OK gang. I have a 1/32 scale Olds Funny Car from way back ('90's I think) that I picked up back in the '90's at a swap meet, built. Pretty sure it's a snap kit. Well, over the years it's lost some engine parts, plus the front wheels look to me to be WAY too big. Is there anyone out there that makes parts for this kit? Or ANY 1/32 drag Chrysler Hemi engine? I have even tried to find anything like it on Ebay, but no luck. Been searching for a lot of years! I REALLY want to build this back up, and do some engine detailing and painting and stuff. Am I gonna have to resort to scratchbuilding the parts I need? Or would anybody out there possibly have one of these in a parts box or drawer? REALLY not too keen on the idea of scratchbuilding a blower!  I could probably do the valve covers, but would definitely look a lot more authentic with kit parts! 
ANY help? :freak:
Ron (Bondo) :dude:


----------



## 71 Charger 500 (Jan 27, 2011)

Here are some for sale on Ebay. http://cgi.ebay.com/ws/eBayISAPI.dl...981+&item=180824372981&lgeo=1&vectorid=229466


----------



## bondoman2k (Jan 13, 2003)

Thanks for the link! :thumbsup: Seems like everytime I look on there, there was nothing..lol. 
I am watching that one. 
Ron (Bondo) :dude:


----------



## 71 Charger 500 (Jan 27, 2011)

Not a problem, glad to help.

Mo


----------



## bondoman2k (Jan 13, 2003)

Oh great!

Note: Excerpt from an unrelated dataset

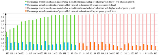 To explore the industrial disparities of green added value, we classified 40 industries into two categories based on the proportion of green added value in the traditionally added value: one contains the industries with lower than the average proportion (we also call these as the industries with a lower level of green growth), and the other contains the industries with higher than the average proportion (we also call these as the industries with a higher level of green growth). As illustrated in Figure 3, the growth rate of green added value for the industries in the first category (18.26%) is higher than that in the second category (14.51%). This is because the higher the levels of green growth, the less space for abatement, so the average growth rate of industries in the first category is lower than that in the second category. In the first category, electric power production and distribution was the industry with the highest average growth rate at 35.85%, while chemical fiber manufacturing was the industry with the lowest average growth rate at 12.48%. Nonmetal ores mining and processing was the industry with the highest growth rate at 22.07% in the second category, while tobacco manufacturing was the industry with the lowest growth rate at 9.82%.

Now someone else is bidding.  Was REALLY hoping I might get them 'cheap'. LOL
Ron (Bondo) :dude:


----------



## 71 Charger 500 (Jan 27, 2011)

bondoman2k said:


> Oh great! Now someone else is bidding.  Was REALLY hoping I might get them 'cheap'. LOL
> Ron (Bondo) :dude:


That's why it's called "FeeBay" and "EvilBay"! I personally, always wait until the very last minute to bid. I know what the most is I will bid and then type that in with just about ten seconds to go and with about five seconds to go, I confirm my bid.

Mo


----------



## Rondo (Jul 23, 2010)

Pretty sure I have some valve covers with heads from one of these kits. You're welcome to them if it would be any help. Can't recall any other parts in the stash. Just say the word.....

Yep, just looked the parts up......










See if those look right. Wish I had more of the engine.


----------



## bondoman2k (Jan 13, 2003)

Hey Rondo. YEP, that's the most important part I need! Let me know how to get ahold of ya and what you'd need for me to get them! :thumbsup: Shoot me a PM if ya want. I just may even have something you're looking for (in other scales I'm sure...lol)
I did find a blower that will work good, from a 1/64 scale "Muscle Machines" die cast car. Those blowers on those were always much larger than the scale of the car..lol. I'm pretty sure I can make the other missing parts (steering wheel, and a few other small things)
Ron (Bondo) :dude:


----------



## Rondo (Jul 23, 2010)

PM on the way!!!


----------